> Prompt:
Everything below from the line with "Pair of Antique" through the line with "Die moderne Kommode" must be retyped exactly, except the pictures.

*** Opening Supplied entries ***

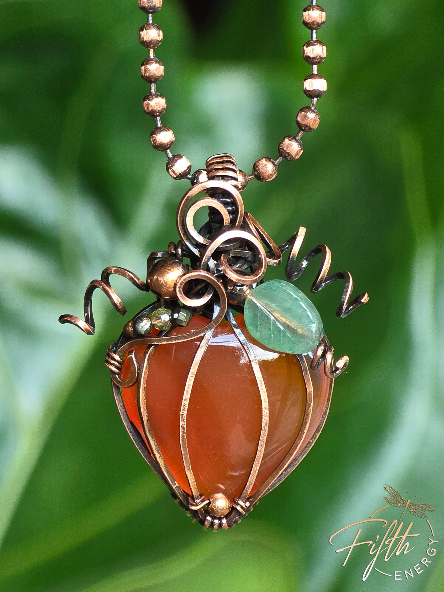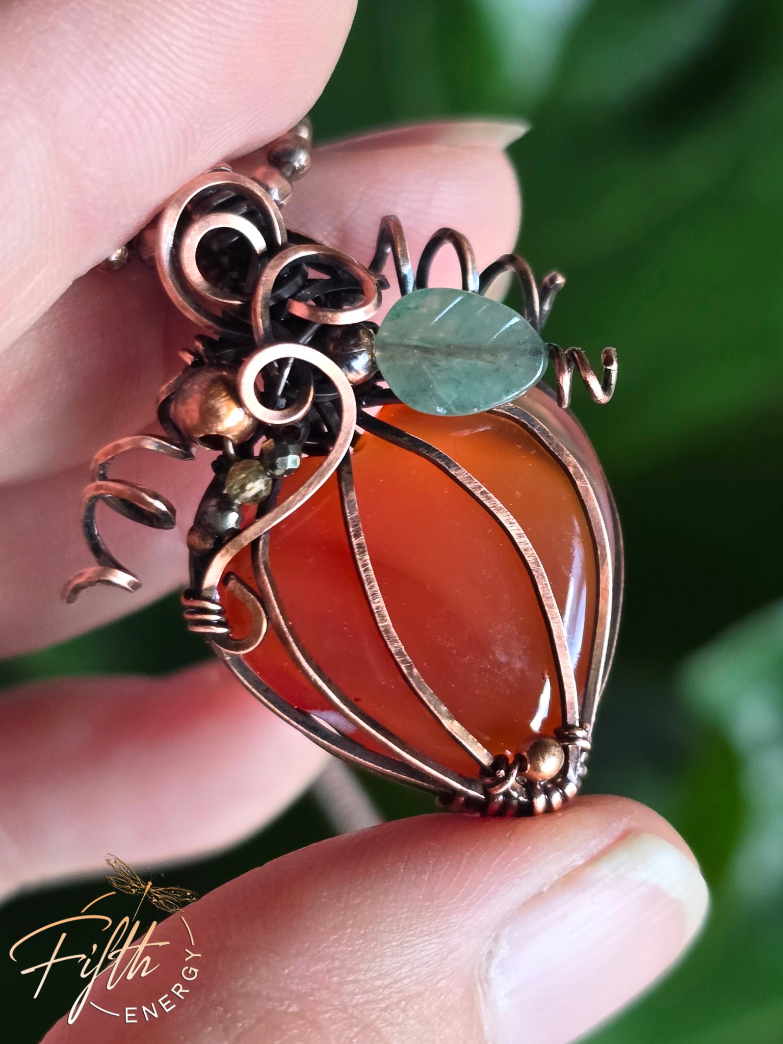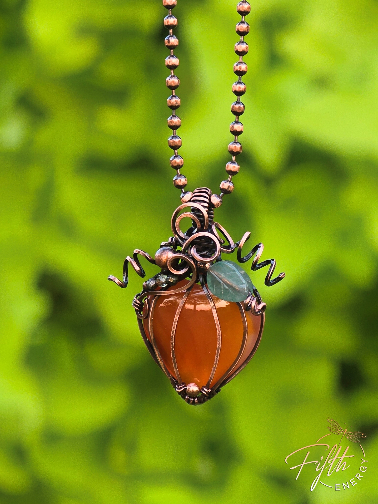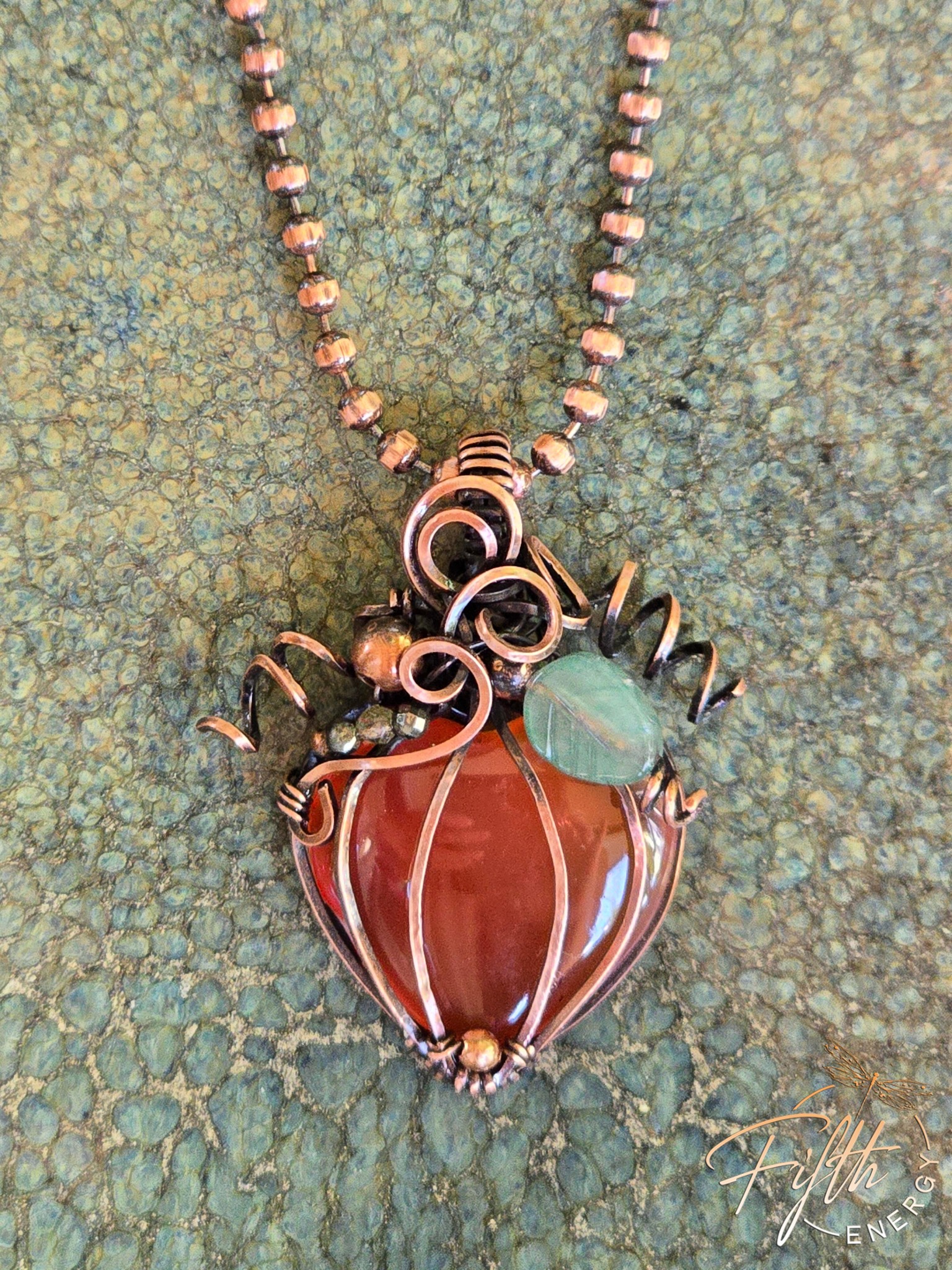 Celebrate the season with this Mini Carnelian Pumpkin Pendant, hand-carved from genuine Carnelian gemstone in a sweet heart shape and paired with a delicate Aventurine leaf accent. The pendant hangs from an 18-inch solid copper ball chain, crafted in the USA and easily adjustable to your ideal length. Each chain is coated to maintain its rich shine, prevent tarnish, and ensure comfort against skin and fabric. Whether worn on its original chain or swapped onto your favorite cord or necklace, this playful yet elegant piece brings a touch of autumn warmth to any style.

*** Closing Supplied entries ***
*** Opening Supplied entries ***

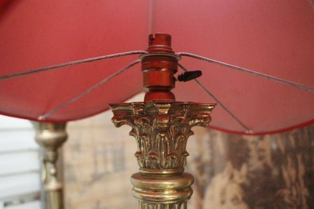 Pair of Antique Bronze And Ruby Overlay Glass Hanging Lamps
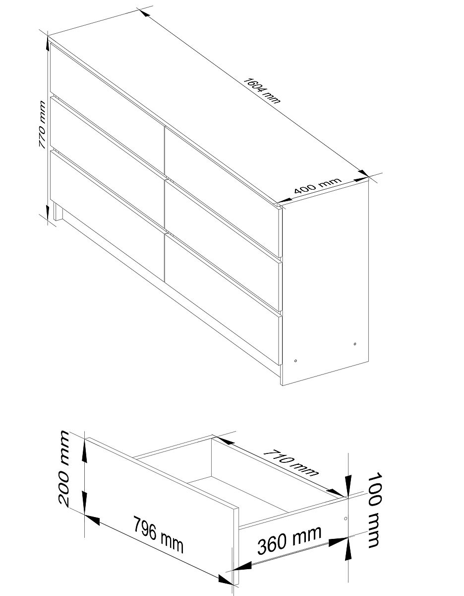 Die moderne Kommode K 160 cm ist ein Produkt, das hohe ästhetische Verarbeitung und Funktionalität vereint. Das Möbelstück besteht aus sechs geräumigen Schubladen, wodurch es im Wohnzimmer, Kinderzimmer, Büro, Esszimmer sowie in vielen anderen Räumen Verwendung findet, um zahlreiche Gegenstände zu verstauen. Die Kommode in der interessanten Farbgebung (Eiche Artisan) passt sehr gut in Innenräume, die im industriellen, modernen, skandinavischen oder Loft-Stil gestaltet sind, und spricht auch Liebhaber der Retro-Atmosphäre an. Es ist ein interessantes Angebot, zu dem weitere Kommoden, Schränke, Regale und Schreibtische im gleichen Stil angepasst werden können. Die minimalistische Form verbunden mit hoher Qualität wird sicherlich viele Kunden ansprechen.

*** Closing Supplied entries ***

> Exercise answer:
 Pair of Antique Bronze And Ruby Overlay Glass Hanging Lamps
 Die moderne Kommode K 160 cm ist ein Produkt, das hohe ästhetische Verarbeitung und Funktionalität vereint. Das Möbelstück besteht aus sechs geräumigen Schubladen, wodurch es im Wohnzimmer, Kinderzimmer, Büro, Esszimmer sowie in vielen anderen Räumen Verwendung findet, um zahlreiche Gegenstände zu verstauen. Die Kommode in der interessanten Farbgebung (Eiche Artisan) passt sehr gut in Innenräume, die im industriellen, modernen, skandinavischen oder Loft-Stil gestaltet sind, und spricht auch Liebhaber der Retro-Atmosphäre an. Es ist ein interessantes Angebot, zu dem weitere Kommoden, Schränke, Regale und Schreibtische im gleichen Stil angepasst werden können. Die minimalistische Form verbunden mit hoher Qualität wird sicherlich viele Kunden ansprechen.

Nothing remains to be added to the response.